Leigh Bale is an American author of historical, contemporary romance novels.  She lives in Nevada with her professor husband.  She is a Publishers Weekly Bestselling author.

Biography
Leigh Bale was raised in small rural towns throughout the Western United States. She is the daughter of a retired U.S. forest ranger and penned her first novel on an electric typewriter, before she had any outline or clue what she was doing. She has worked as a bookkeeper and administrative assistant, but her first love, after her husband, is writing. Her stories have won the Romance Writers of America prestigious Golden Heart (writing as Lora Bale) and the Gayle Wilson Award of Excellence. Recently, Bale has penned a Forest Ranger series, a set of romantic stories centered around the life and work of a forest ranger. Her father is a conservationist rather than a preservationist and has served as her consultant for these books. Her contemporary books deal with real-life situations that many people can relate to and have received four star reviews from Romantic Times magazine.

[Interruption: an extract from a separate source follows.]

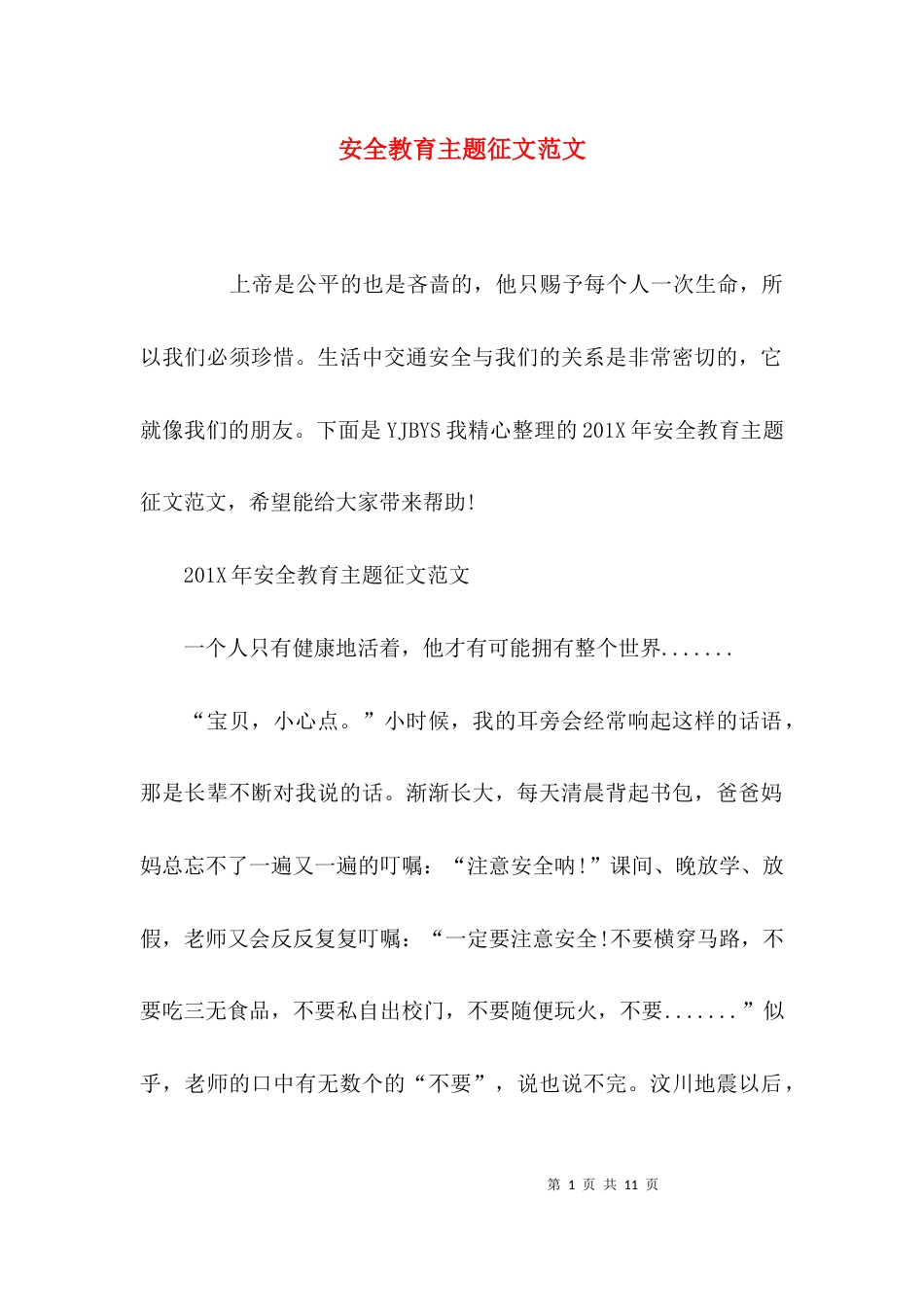 第1页共11页安全教育主题征文范文上帝是公平的也是吝啬的,他只赐予每个人一次生命,所以我们必须珍惜。生活中交通安全与我们的关系是非常...

With a B.A. degree in History from the University of Nevada-Reno, Bale has also penned romantic historical novels.

Published Works

Leigh Bale Book List (as of 6/21/18) 

The Healing Place – December 2007 (available in Hardcover & French)

The Forever Family – August 2009 (reissued August 2018)

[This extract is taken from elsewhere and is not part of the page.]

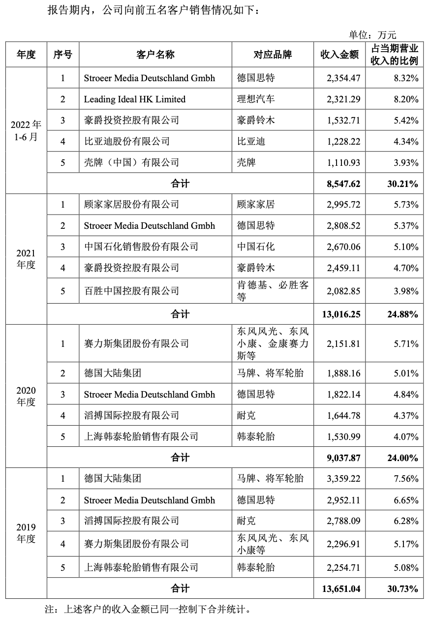 具体来看,公司主要以终端形象展示产品销售业务为主,报告期内实现收入分别为4.27亿元、3.49亿元、4.62亿元和2.32亿元,占比分别为96.23%、92.89%、89.17%和83.17%,其中前五大客户相对稳定,但集中度并不太高。

The Road to Forgiveness – May 2010 (reissued October 2014)

A Doctor for the Nanny – November 2015 (Lone Star Cowboy League – Series Book #2)

The Forest Rangers – Series

1.The Forest Ranger's Promise – May 2011 (available in hardcover)

2.The Forest Ranger's Child – June 2012

3.The Forest Ranger's Husband – November 2011

4. Falling for the Forest Ranger – January 2013

5. Healing the Forest Ranger – May 2013

6.The Forest Ranger's Return – February 2014

7.The Forest Ranger's Christmas – October 2014 – Publishers Weekly bestseller 10/7/14

8.The Forest Ranger's Rescue – March 2015

Men of Wildfire – Series

1. Her Firefighter Hero – May 2016

2. Wildfire Sweethearts – April 2017

3. Reunited by a Secret Child – April 2018

Colorado Amish Courtships – Series

1. Runaway Amish Bride – September 2018 – Publishers Weekly bestseller 8/31/18

2. His Amish Choice – November 2018

Romantic Suspense – Inspirational

Broken Trust – December 2013 (ebook only)

Historical Romance

The Heart's Warrior – 2008 (reissued July 2013)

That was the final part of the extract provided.